Aqueous phase reforming of methanol for hydrogen production over highly-dispersed PtLa/CeO2 catalyst prepared by photochemical reduction method

Abstract

Hydrogen production by catalytic aqueous phase reforming (APR) of biomass oxygenated derivatives in relatively mild conditions is a promising way to produce hydrogen. In this work, Pt/CeO2-HT, Pt/La–CeO2-HT and PtLa/CeO2 catalysts were synthesized by a novel photochemical reduction method and applied to the methanol APR. Extensive characterizations have proved that the mild catalyst preparation method gave it a high dispersion of Pt species and the addition of La modified the metal-support interaction. The results showed that La-modified Pt/La–CeO2-HT and PtLa/CeO2 catalysts exhibited better catalytic performance than the Pt/CeO2-HT catalyst, among which the hydrogen yield was the highest for the surface La-modified PtLa/CeO2 catalyst (177.7 mmol/gcat). This was mainly attributed to the surface modification of La resulted in a significant increase in the number of moderately strong basic sites and surface oxygen vacancies in the PtLa/CeO2 catalyst.
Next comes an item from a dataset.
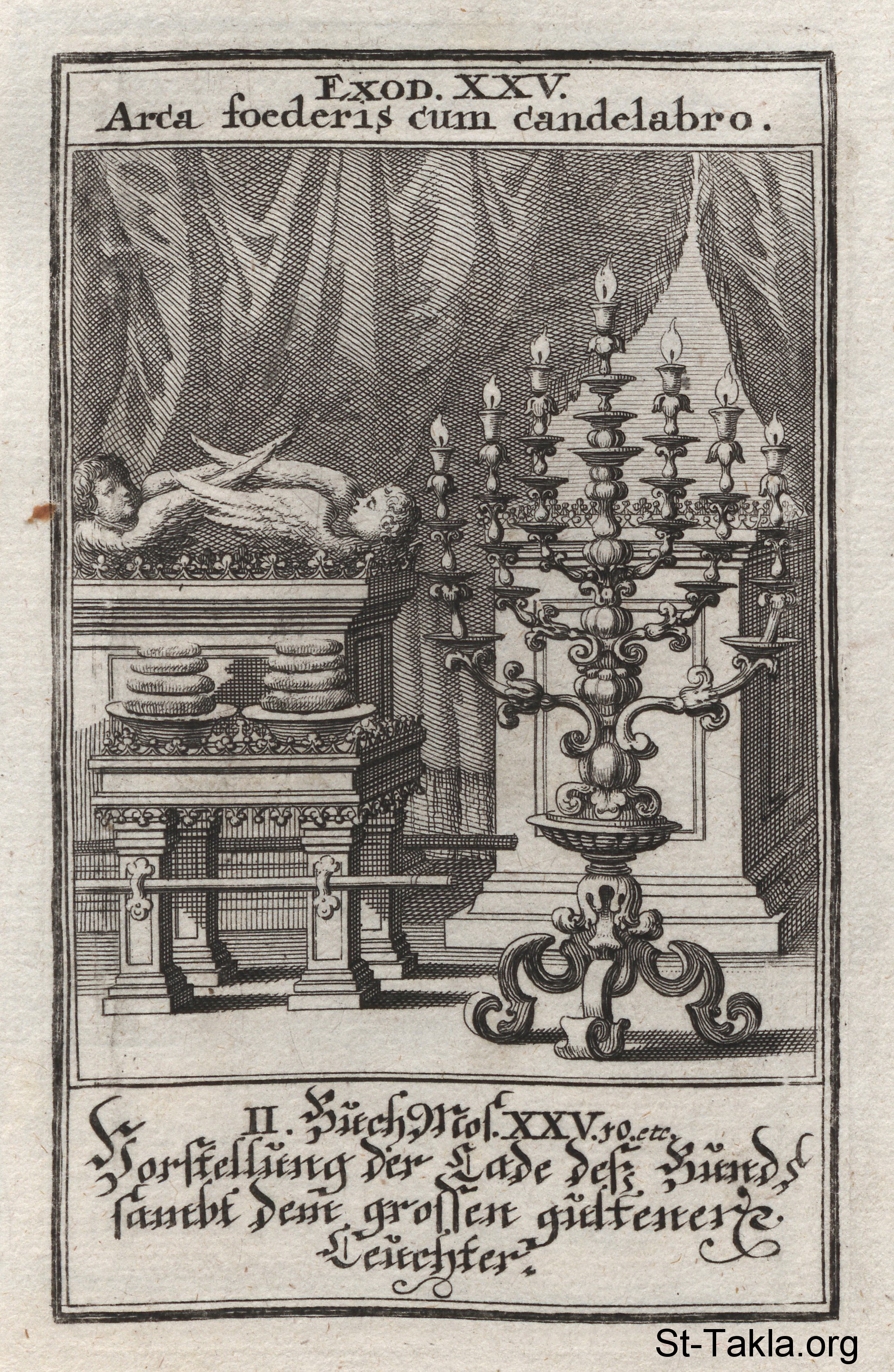 التابوت والمنارة والمائدة ومذبح البخور: تابوت العهد والمائدة التي بها خبز الحضور (خبز الحضرة) والمنارة ومذبح البخور: (الخروج 25) - من كتاب: الكتاب المقدس المصور، يوهان كريستوف فيجيل، 1965 م.
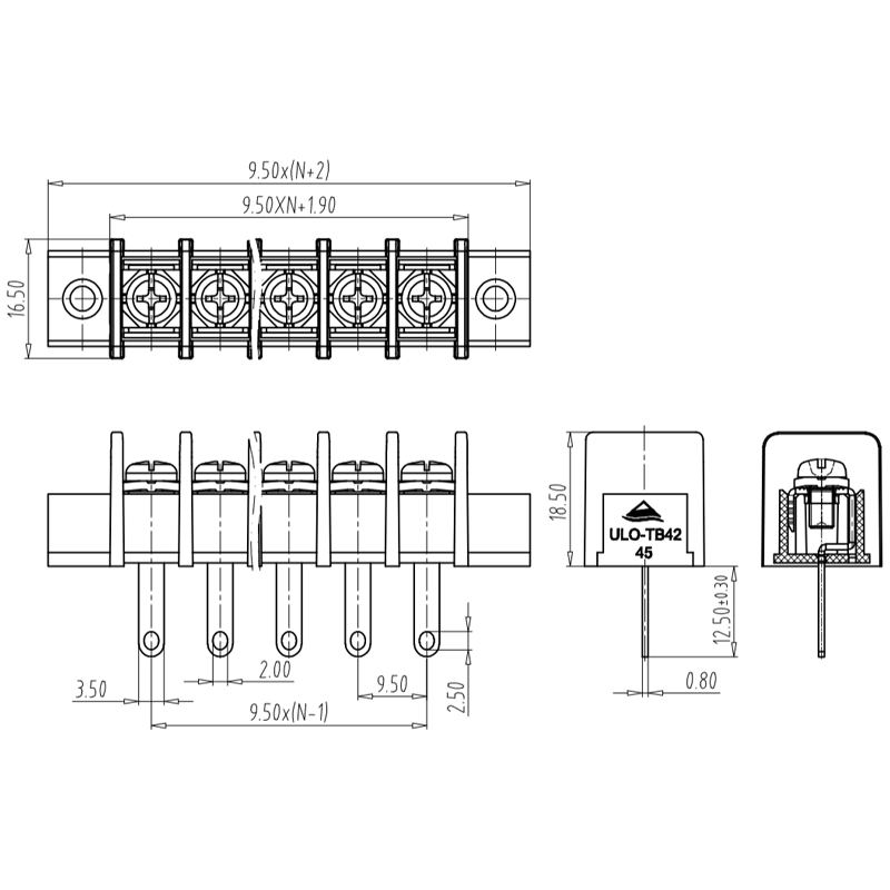 間距:9.5mm, 額定電壓:300V(cULus),250V(TUV), 額定電流:20A(cULus),24A(TUV), 適用線經(jīng):22-12AWG,0.5-4.0mm2, 線數(shù):2-24P

The enhancement of catalyst basicity effectively promoted the dissociation of H2O to produce hydroxyl groups, while a large number of surface oxygen vacancies provided more active sites for the adsorption and dissociation of H2O. And their synergistic behavior efficiently facilitated the water gas shift (WGS) reaction, resulting in a significant increase in hydrogen yield of methanol APR. Associated with the in situ DRIFTS analyzes and the results indicated by WGS reaction, possible promotion mechanism was proposed.